Trump pins hopes on Nixon’s ‘silent majority’ in call to the suburbs

- By Nick Allen in Prince William County, Virginia

Half a century ago, Richard Nixon appealed to the “great silent majority” who were sick of riots and chaos, and wanted order and normality restored.

In the wake of George Floyd’s death and widespread, sometimes violent, protests, Donald Trump has issued the same clarion call to the suburbs.

The president is trailing Democratic candidate Joe Biden by 10 points in an average of recent polls – double the gap of April – and Mr Trump’s approval rating has plunged six points, to 43 per cent, since last month.

The question now is, do the Nixonian hordes of quiet Americans still exist, and will they roar again for Mr Trump in 2020?

If they do, then there is no more likely place to find them than Manassas, the sleepy county seat of Prince William County in Virginia.

Here, people are not venting on Twitter, nor marching in the streets. Instead, they would just prefer things to be as they have always been.

“Yes,” said Scott Schiflett, 49, when asked if he belonged to the “silent majority”.

“I’d say most of us are hard-working people. We want work, and we don’t want violence. I understand everyone being upset [about Mr Floyd]. I’m upset about it, too. But I don’t believe it’s a reason to tear down your own city,” he said.

“America’s all about the First Amendment, and protests, but I hate seeing the looting.”

Mr Schiflett, a machinist, claimed he had previously voted for Barack Obama, but felt let down, and would support Mr Trump in November.

“If Trump says he’s going to fix this, I stand with him. He’s a capitalist and I’m happy with him,” he said. “I don’t agree with sending in the military, though. I think there are a lot of others [like me]. But you can’t go around wearing a Trump hat.
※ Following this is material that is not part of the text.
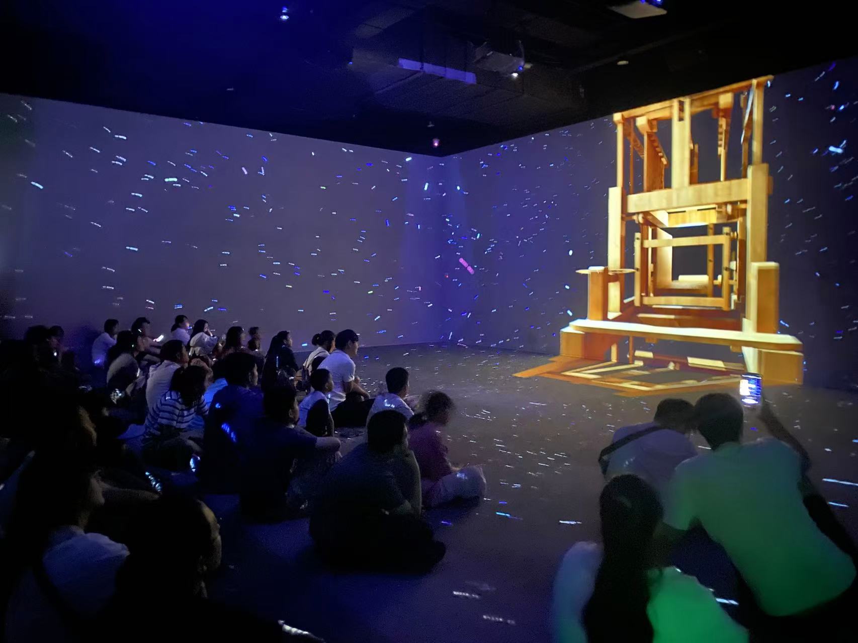 新疆博物馆“中华锦绣——‘五星出东方利中国’锦护臂国宝展”中的全域交互剧场。天山网-新疆日报 记者赵梅摄

You might get hurt.”

In this quiet backwater, a predominan­tly white city of 40,000 people, Mr Trump’s claim to be the “president of law and order” has resonated all the more because, while the focus has been on New York and Washington, violence has also come very unexpected­ly to Manassas.

Following Mr Floyd’s death, a local police officer was hit in the head with a brick, and his colleagues fired rubber bullets and tear gas. A local newspaper ran the headline “Hell in Manassas”.

At the Glory Days Grill restaurant, they are still clearing up the mess left by vandals and looters.

“There’s never been anything like this here,” said John Castle, 49, the general manager. “There was a group of about 40 people. They threw rocks through our windows, they broke into Walmart across the street.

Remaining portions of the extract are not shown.